### EXERCISE INSTRUCTIONS:
Pictures are to be left out. Return exactly the lines below from the one with "Like many of" up to and including the one with "Das Dachgeschoss bietet".

### EXTRACTED RECORDS:
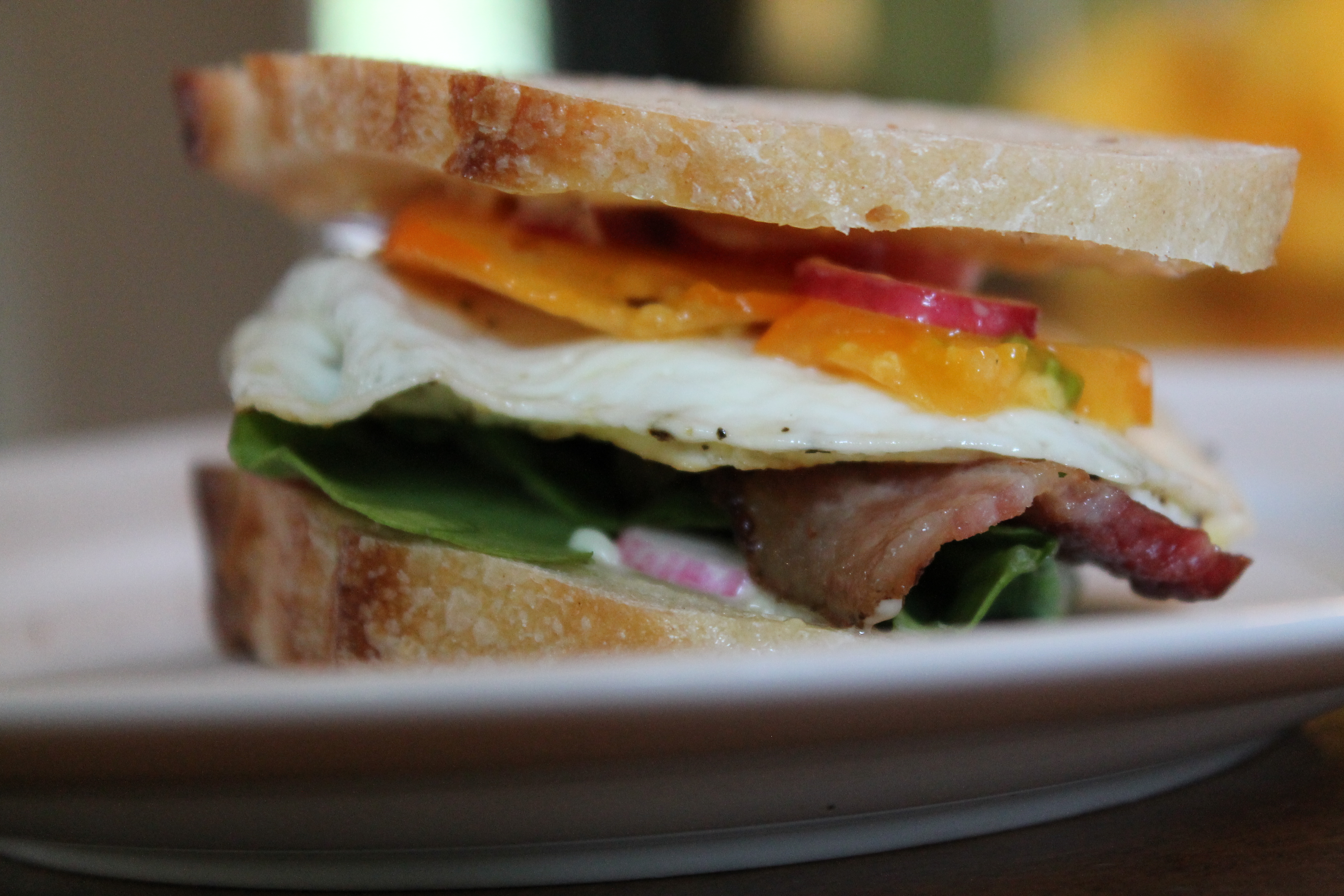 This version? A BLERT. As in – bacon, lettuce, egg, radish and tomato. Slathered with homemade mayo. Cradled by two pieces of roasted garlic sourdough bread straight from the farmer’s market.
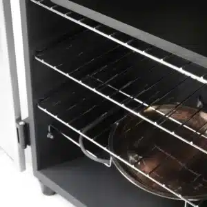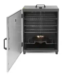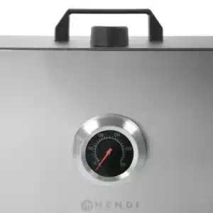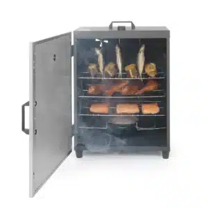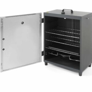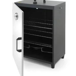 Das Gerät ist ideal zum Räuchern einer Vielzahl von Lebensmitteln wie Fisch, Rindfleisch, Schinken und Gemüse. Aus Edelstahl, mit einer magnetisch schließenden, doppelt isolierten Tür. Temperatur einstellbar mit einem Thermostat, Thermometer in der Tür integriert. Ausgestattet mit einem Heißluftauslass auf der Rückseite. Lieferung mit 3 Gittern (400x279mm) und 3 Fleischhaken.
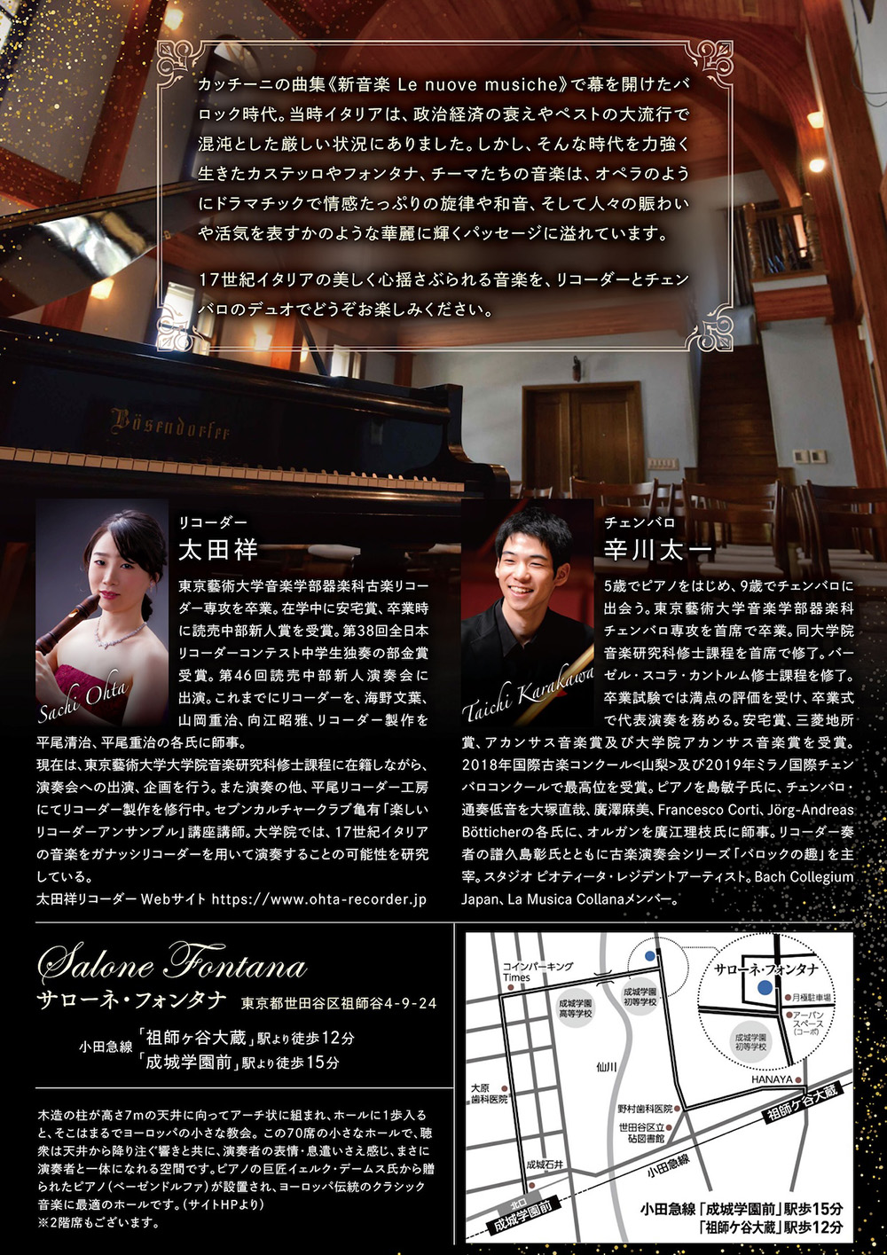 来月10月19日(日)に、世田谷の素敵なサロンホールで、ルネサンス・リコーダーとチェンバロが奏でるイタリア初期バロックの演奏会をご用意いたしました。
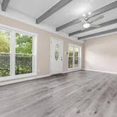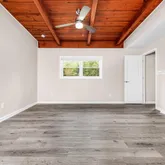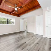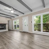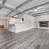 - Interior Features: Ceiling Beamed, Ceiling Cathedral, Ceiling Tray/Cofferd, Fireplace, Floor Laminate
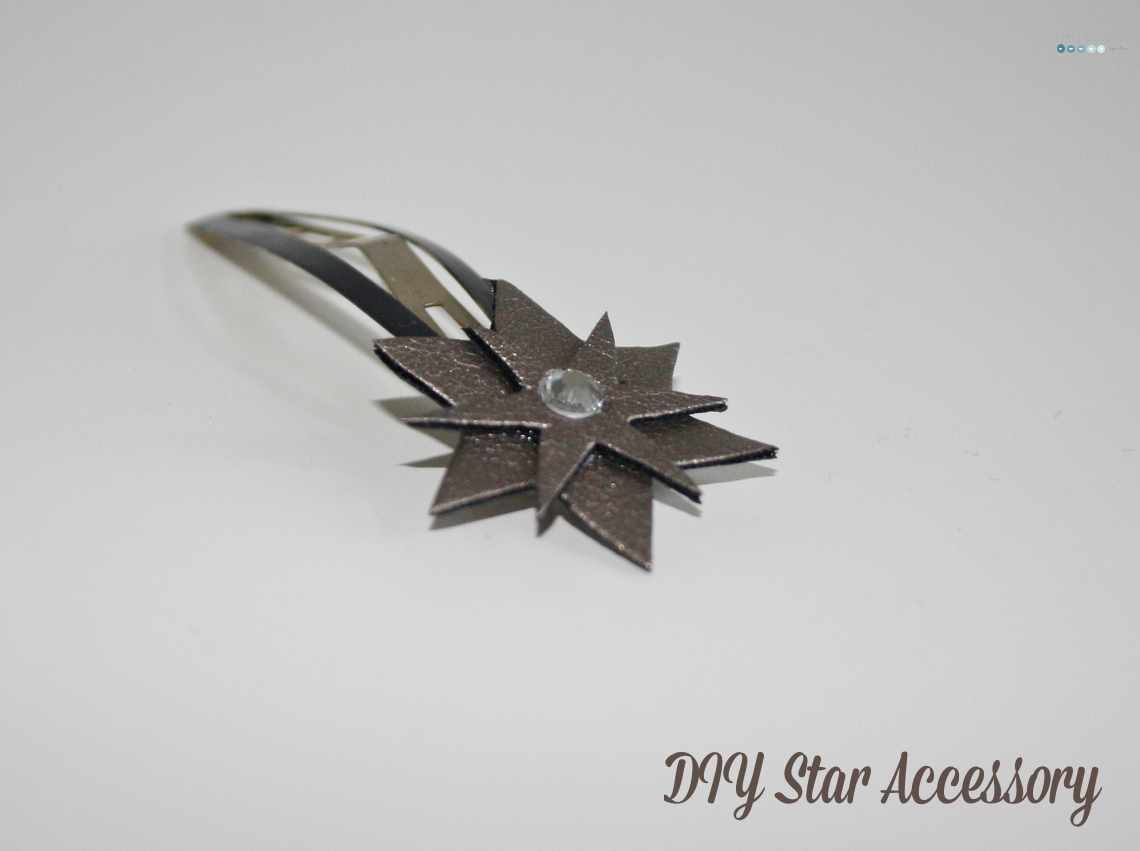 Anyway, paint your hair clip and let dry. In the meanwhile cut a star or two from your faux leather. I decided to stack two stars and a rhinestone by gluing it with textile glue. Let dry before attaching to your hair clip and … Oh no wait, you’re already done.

--

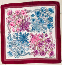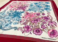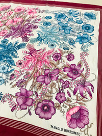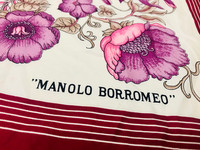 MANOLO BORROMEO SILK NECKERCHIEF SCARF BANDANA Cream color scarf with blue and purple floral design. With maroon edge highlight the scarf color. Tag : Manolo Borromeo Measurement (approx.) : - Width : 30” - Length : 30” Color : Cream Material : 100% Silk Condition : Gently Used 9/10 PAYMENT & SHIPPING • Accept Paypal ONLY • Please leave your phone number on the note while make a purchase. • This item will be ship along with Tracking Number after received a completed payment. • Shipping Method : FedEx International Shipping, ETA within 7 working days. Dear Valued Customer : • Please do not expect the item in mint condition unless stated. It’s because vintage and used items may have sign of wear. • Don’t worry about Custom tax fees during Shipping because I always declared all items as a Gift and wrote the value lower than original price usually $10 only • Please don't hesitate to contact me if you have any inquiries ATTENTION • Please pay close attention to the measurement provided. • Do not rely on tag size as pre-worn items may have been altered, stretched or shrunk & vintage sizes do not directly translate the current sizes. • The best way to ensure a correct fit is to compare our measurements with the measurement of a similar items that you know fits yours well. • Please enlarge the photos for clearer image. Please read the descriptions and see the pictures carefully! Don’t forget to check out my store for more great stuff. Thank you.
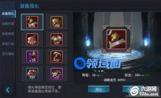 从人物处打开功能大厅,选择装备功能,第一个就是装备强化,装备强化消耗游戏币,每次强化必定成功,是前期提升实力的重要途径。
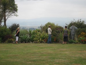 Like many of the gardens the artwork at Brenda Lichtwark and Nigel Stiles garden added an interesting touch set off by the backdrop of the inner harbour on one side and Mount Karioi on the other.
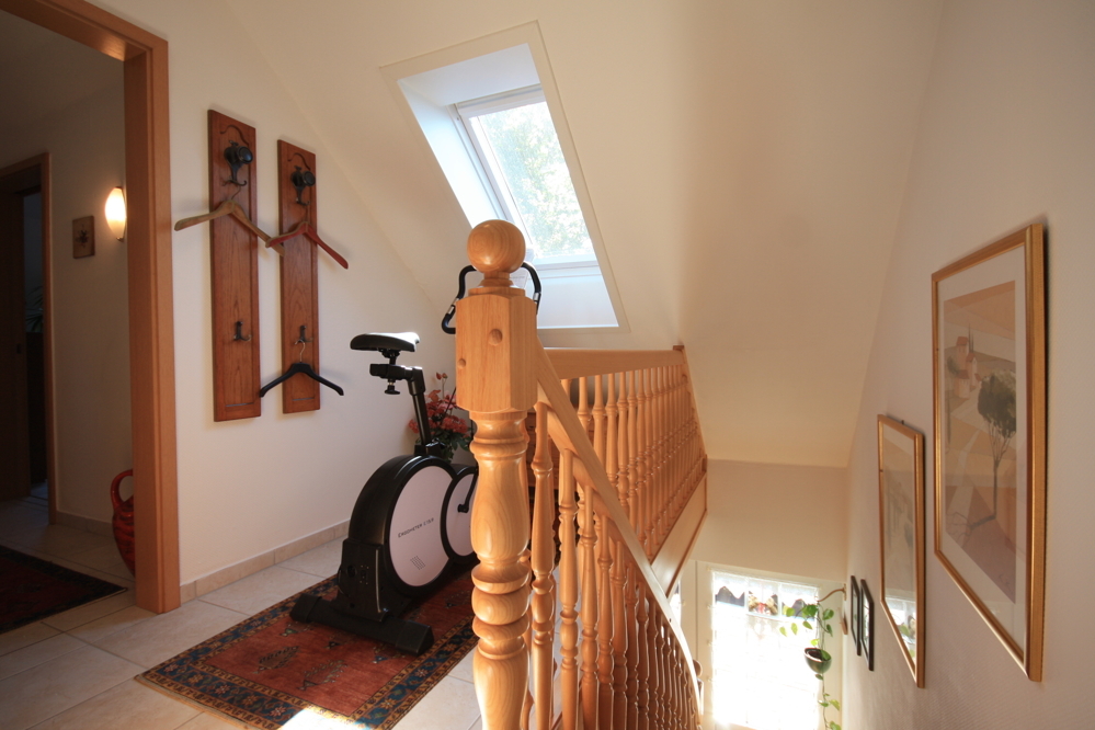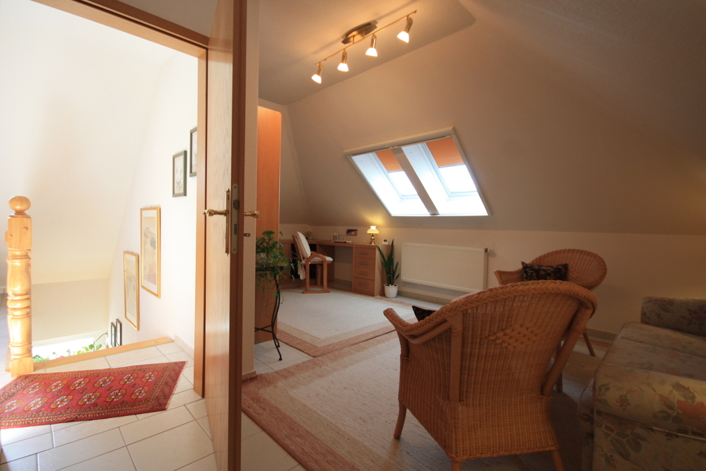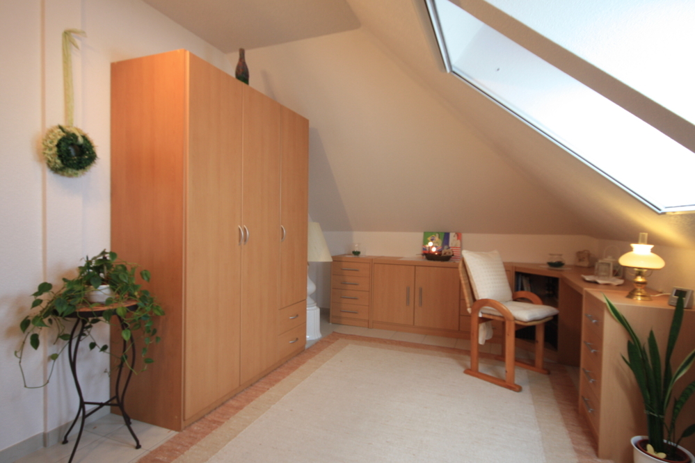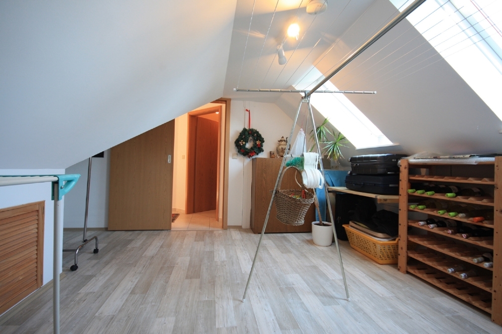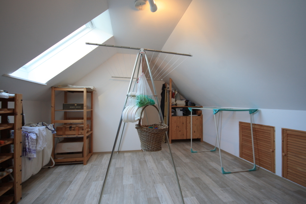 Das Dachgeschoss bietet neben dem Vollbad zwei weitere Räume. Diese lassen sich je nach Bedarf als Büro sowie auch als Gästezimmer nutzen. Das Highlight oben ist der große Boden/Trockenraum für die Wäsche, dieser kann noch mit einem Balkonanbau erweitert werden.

...

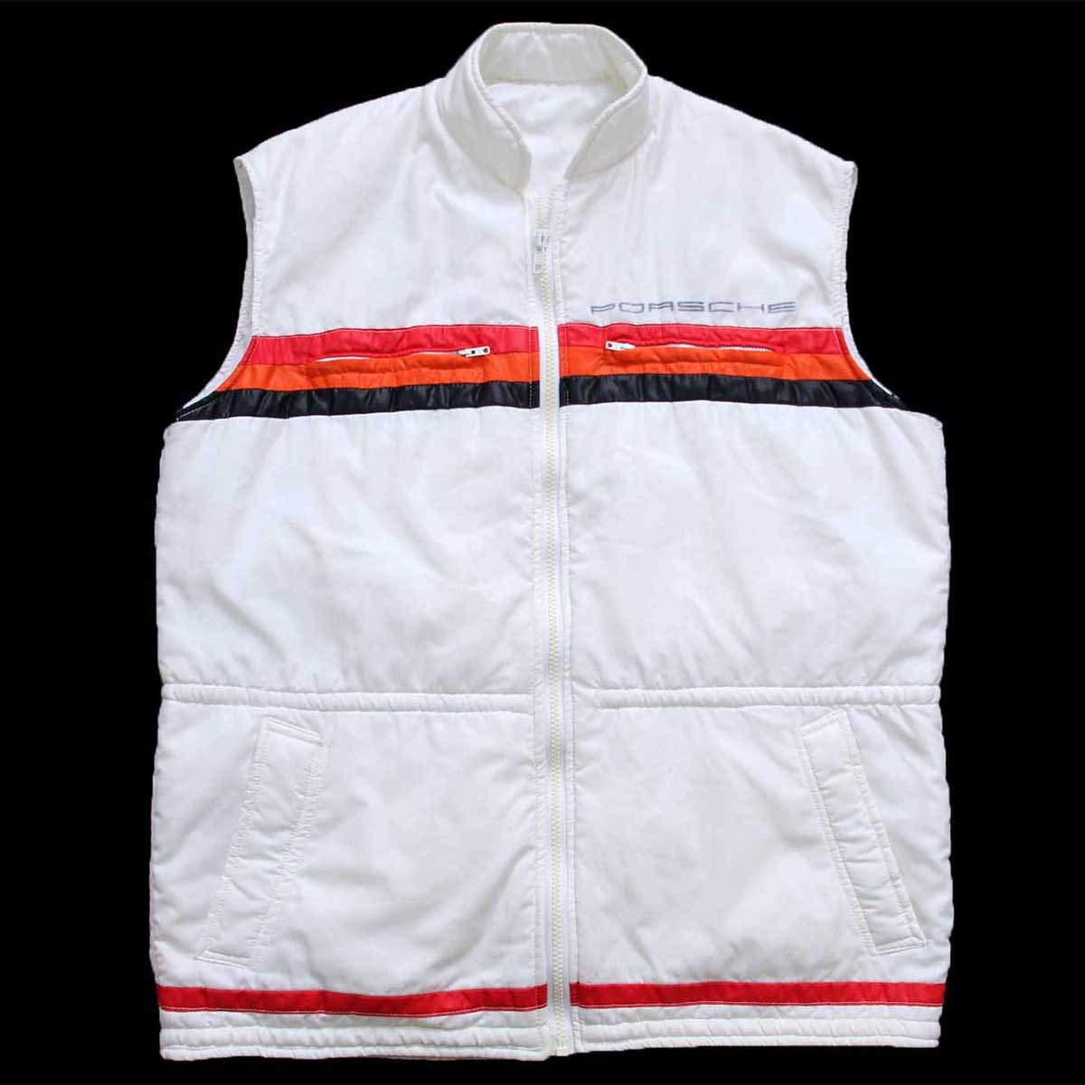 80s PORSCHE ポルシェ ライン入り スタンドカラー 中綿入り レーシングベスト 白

### EXERCISE RESULT:
 Like many of the gardens the artwork at Brenda Lichtwark and Nigel Stiles garden added an interesting touch set off by the backdrop of the inner harbour on one side and Mount Karioi on the other.
 Das Dachgeschoss bietet neben dem Vollbad zwei weitere Räume. Diese lassen sich je nach Bedarf als Büro sowie auch als Gästezimmer nutzen. Das Highlight oben ist der große Boden/Trockenraum für die Wäsche, dieser kann noch mit einem Balkonanbau erweitert werden.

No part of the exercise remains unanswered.